Voting for Hillary: Why Is There a Generational Divide among Women?

I have been watching the 2016 presidential campaign unfold with great interest. As a feminist, I care about whether candidates have progressive positions and a demonstrated track record of improving the lives of women and girls of all races, ages and, nationalities. Hillary Clinton seems to me to have the best record of demonstrated commitment to these issues, so I have been curious about what appears to be a generational divide among Democratic women: in the New Hampshire primary, women under thirty voted for Bernie Sanders four to one. What are the reasons for this divide? Here are my hunches and the perspectives of a few other authors.

This Is a Mother/Daughter Generational Grudge Match

Susan Faludi writes that the generational grudge match between older and younger women has been present in every era since women won the right to vote in 1920. This makes sense to me when I remember my own judgmental rejection of my mother’s life choices as a younger woman. Faludi lays out examples of this dynamic in the 1920s and in second-wave feminism, as noted by the feminist poet Adrienne Rich, who wrote about matrophobia among second-wavers. Third-wave feminists declared, “we’re not our uptight mothers” in defining their feminism, and some third-wavers declared that they could not vote for Hillary Clinton in 2008 “because she reminds me of my mother.” This dynamic is troubling if it creates blinders about issues important for improving the lives of women.

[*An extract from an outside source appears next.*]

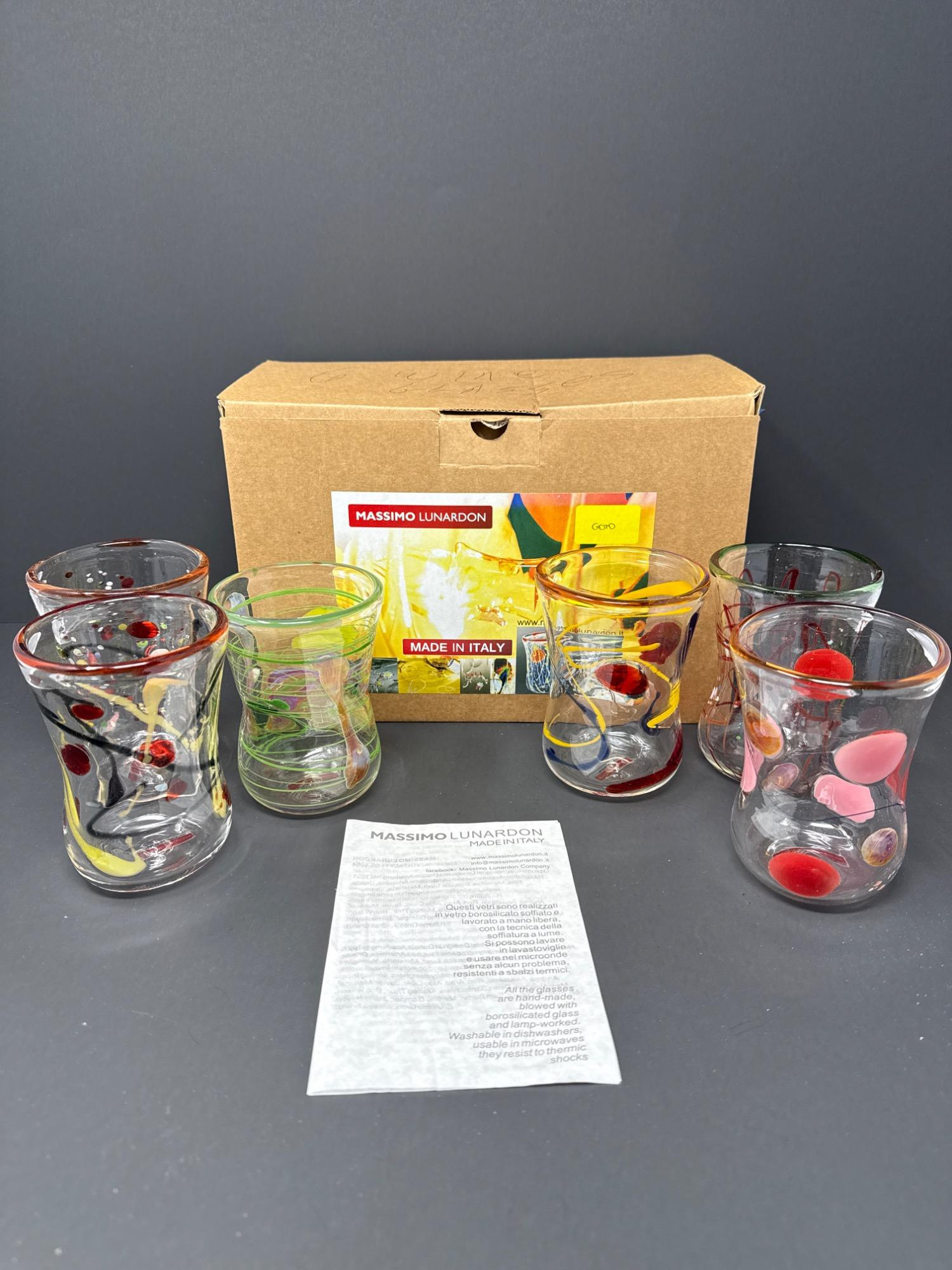 Elevate your glassware collection with this stunning set of six artisan glasses by Massimo Lunardon, handcrafted in Italy. Each piece is individually lamp-worked and made from borosilicate glass, known for its durability and resistance to thermal shock. Set includes: 6 unique glasses Dimensions: Approx. 4.5" Tall x 3.25" Wide Condition: Excellent, appears unused with original box and care insert Features: Dishwasher-safe, microwave-safe, heat-resistant Made in Italy

Young Women Feel They Live in a Post-Feminist World

I know that there are many young feminist activists, yet Sheryl Gay Stolberg reports that many millennial women, ages eighteen to twenty-nine, feel that gender is no longer important. Many (not all) take for granted the gains made for women by older generations, and their concerns are different—for example, student debt, jobs, LGBT rights, and flexible gender identities. Where they might find a transgender candidate exciting, they don’t see the big deal about a woman becoming president.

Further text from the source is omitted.